## Directions for this task
Sort through the listing below and keep each line with the word "Weld". Copy those.

## Input material
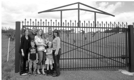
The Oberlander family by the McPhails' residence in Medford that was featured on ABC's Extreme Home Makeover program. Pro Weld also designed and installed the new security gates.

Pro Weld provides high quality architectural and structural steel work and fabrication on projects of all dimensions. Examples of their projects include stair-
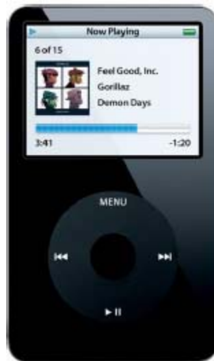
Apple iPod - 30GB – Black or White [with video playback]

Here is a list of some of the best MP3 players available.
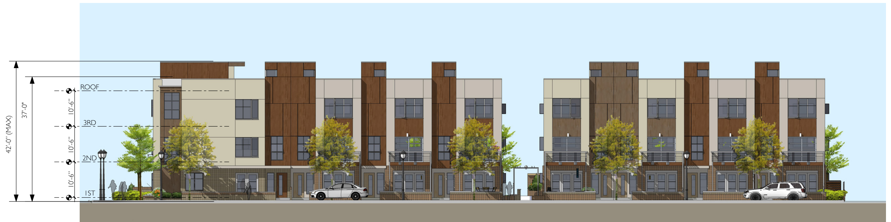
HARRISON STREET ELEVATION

...

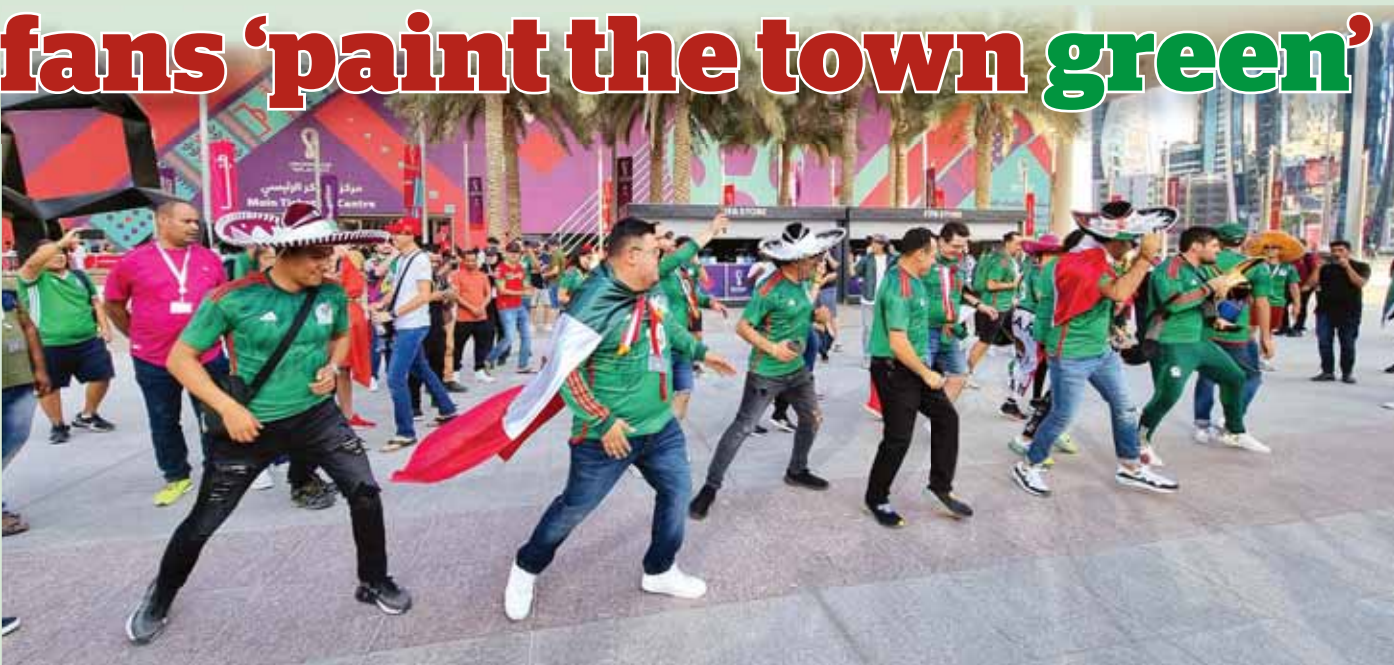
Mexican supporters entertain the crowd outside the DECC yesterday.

## Task answer
The Oberlander family by the McPhails' residence in Medford that was featured on ABC's Extreme Home Makeover program. Pro Weld also designed and installed the new security gates.
Pro Weld provides high quality architectural and structural steel work and fabrication on projects of all dimensions. Examples of their projects include stair-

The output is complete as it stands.